- **Instructions for the task**
Only the pictures are to be omitted; every entry beneath should otherwise be duplicated exactly.

········

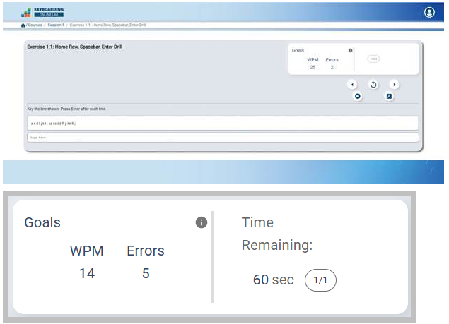 - Click the Submit button to upload Doc034.01 for checking. After you submit your document, your WPM rate and will display at the lower-right corner of the Online Lab screen.
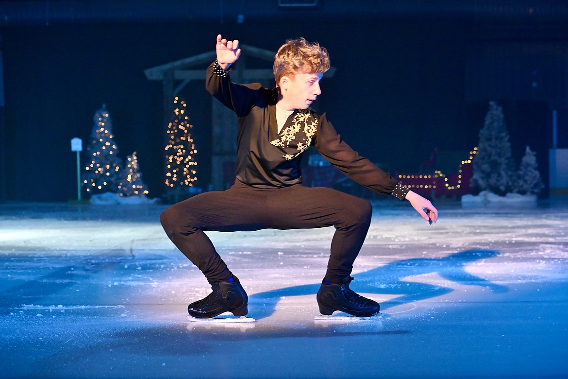 Cameron Nelson performs in Glacier Skate Academy's Winter Wonderland On Ice show at Stumptown Ice Den in Whitefish on Saturday, Dec. 20, 2025. (Matt Baldwin/Whitefish Pilot)
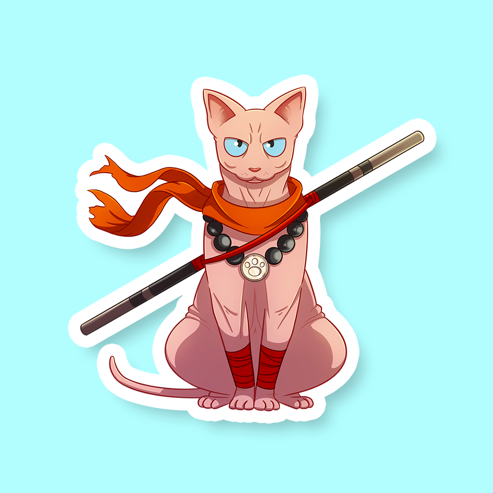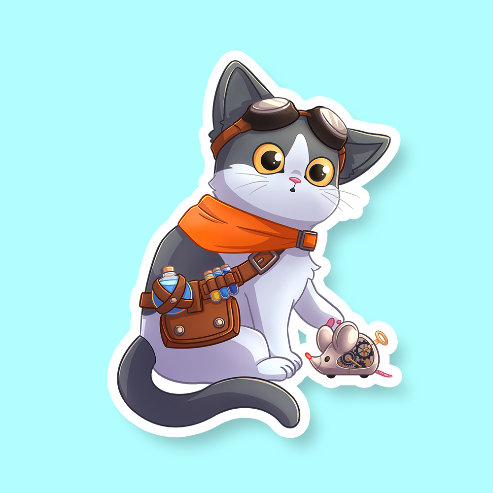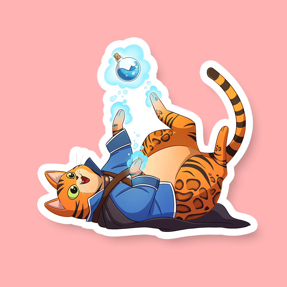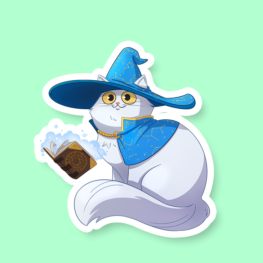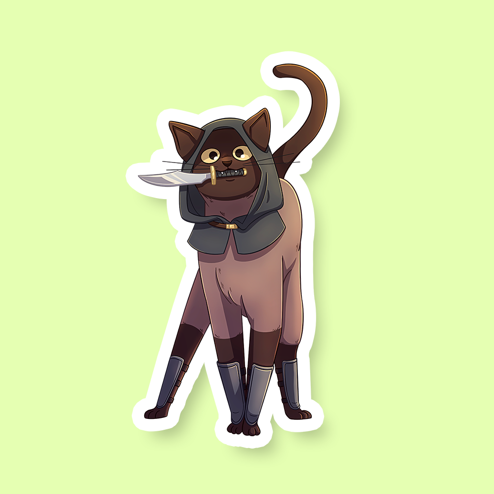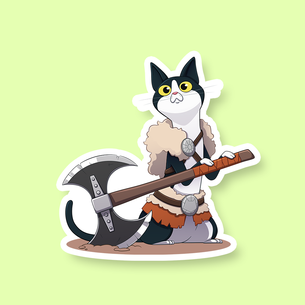 D&D Cat Sticker Pack - Colorful die-cut stickers featuring cats dressed as fantasy RPG characters like wizards, warriors, and rogues.
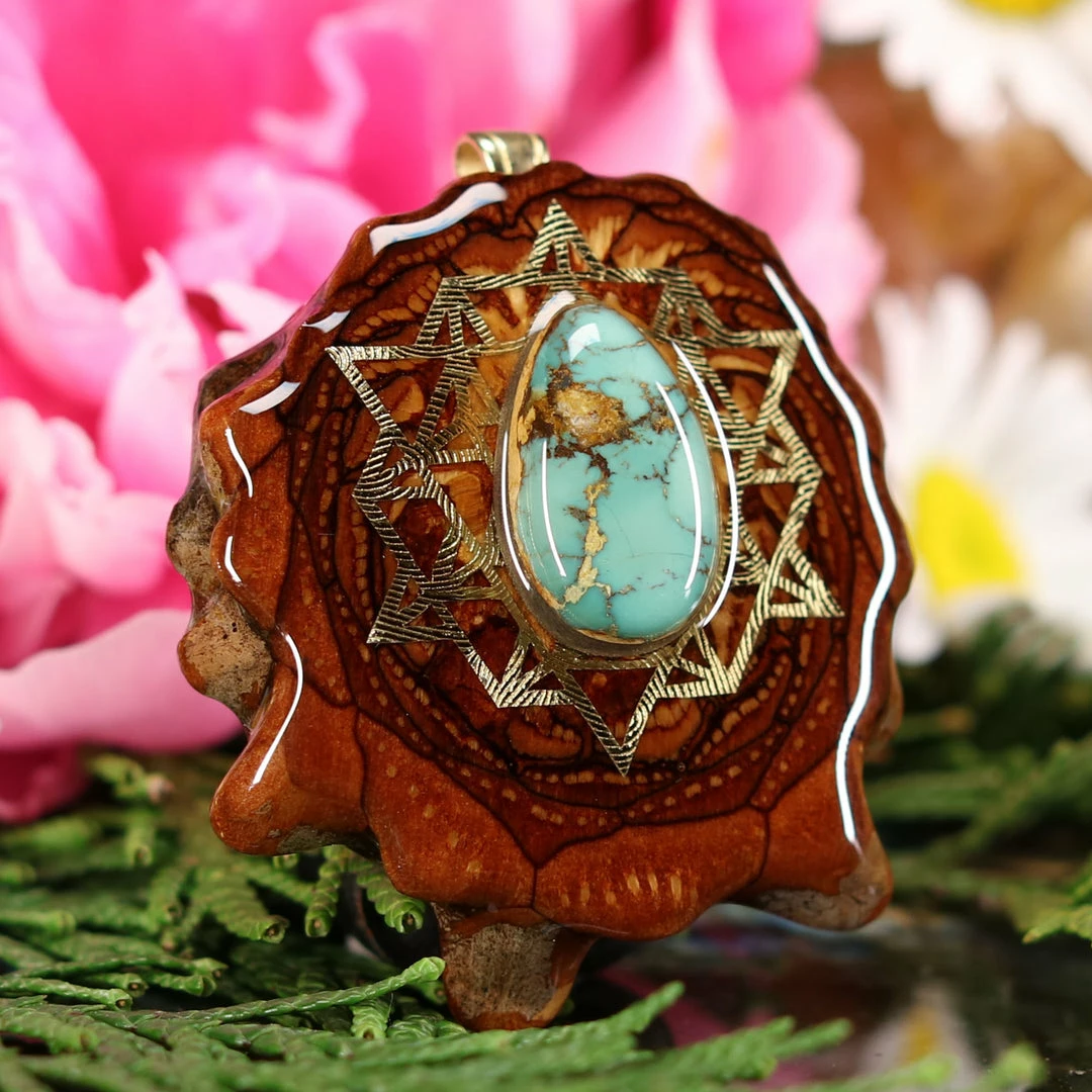 Every pinecone pendant is an elegant gift from Mother Nature — unveiling the ornate Sacred Geometry hidden at the center of one of the world’s densest Pinecones. Because only one cross-section is taken from the “heart” of each Cone, every pendant is absolutely unique, and truly one-of-a-kind.
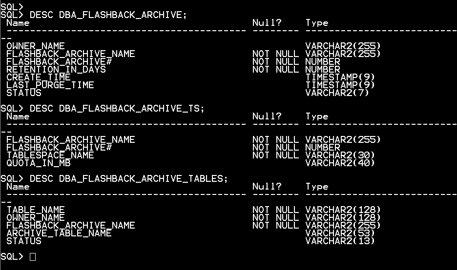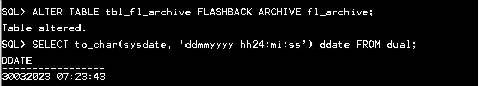 ALTER TABLE tbl_fl_archive FLASHBACK ARCHIVE fl_archive;
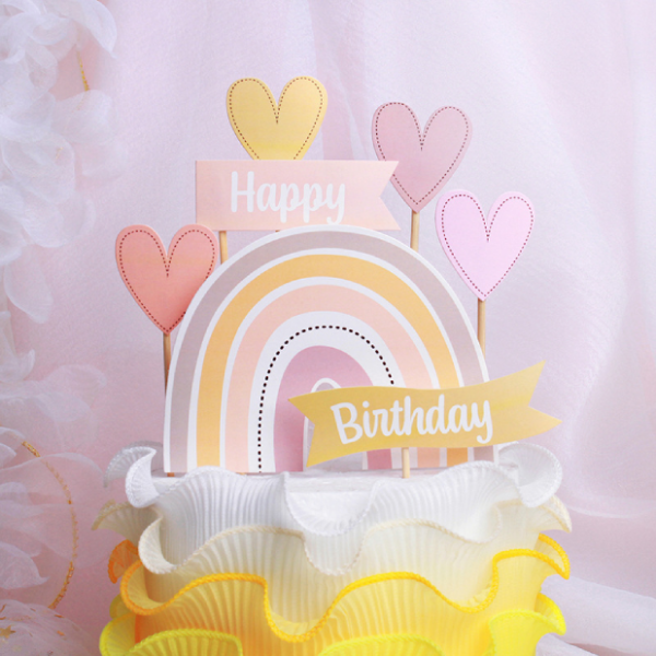 Set que cắm HPBD cầu vồng tim vàng gồm phần que cứng cáp, phần hình cầu vồng, trái tim và chữ happy birthday làm từ bìa cứng bắt mắt, thích hợp cho bữa tiệc sinh nhật của con gái hoặc bé yêu.
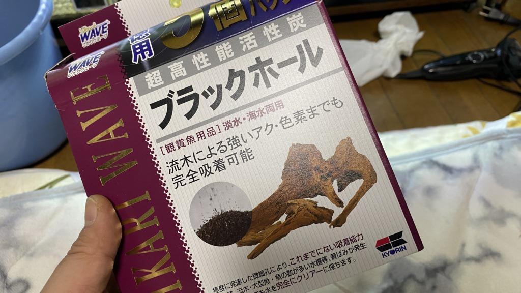 なので、余っていたブラックホールをフィルターに入れる事にしました。以前イモリ水槽の水が流木のアクで色付いてしまった時にブラックホールを入れたら速攻でクリアな水になったんですよね。

········

- **Answer box**
 - Click the Submit button to upload Doc034.01 for checking. After you submit your document, your WPM rate and will display at the lower-right corner of the Online Lab screen.
 Cameron Nelson performs in Glacier Skate Academy's Winter Wonderland On Ice show at Stumptown Ice Den in Whitefish on Saturday, Dec. 20, 2025. (Matt Baldwin/Whitefish Pilot)
 D&D Cat Sticker Pack - Colorful die-cut stickers featuring cats dressed as fantasy RPG characters like wizards, warriors, and rogues.
 Every pinecone pendant is an elegant gift from Mother Nature — unveiling the ornate Sacred Geometry hidden at the center of one of the world’s densest Pinecones. Because only one cross-section is taken from the “heart” of each Cone, every pendant is absolutely unique, and truly one-of-a-kind.
 ALTER TABLE tbl_fl_archive FLASHBACK ARCHIVE fl_archive;
 Set que cắm HPBD cầu vồng tim vàng gồm phần que cứng cáp, phần hình cầu vồng, trái tim và chữ happy birthday làm từ bìa cứng bắt mắt, thích hợp cho bữa tiệc sinh nhật của con gái hoặc bé yêu.
 なので、余っていたブラックホールをフィルターに入れる事にしました。以前イモリ水槽の水が流木のアクで色付いてしまった時にブラックホールを入れたら速攻でクリアな水になったんですよね。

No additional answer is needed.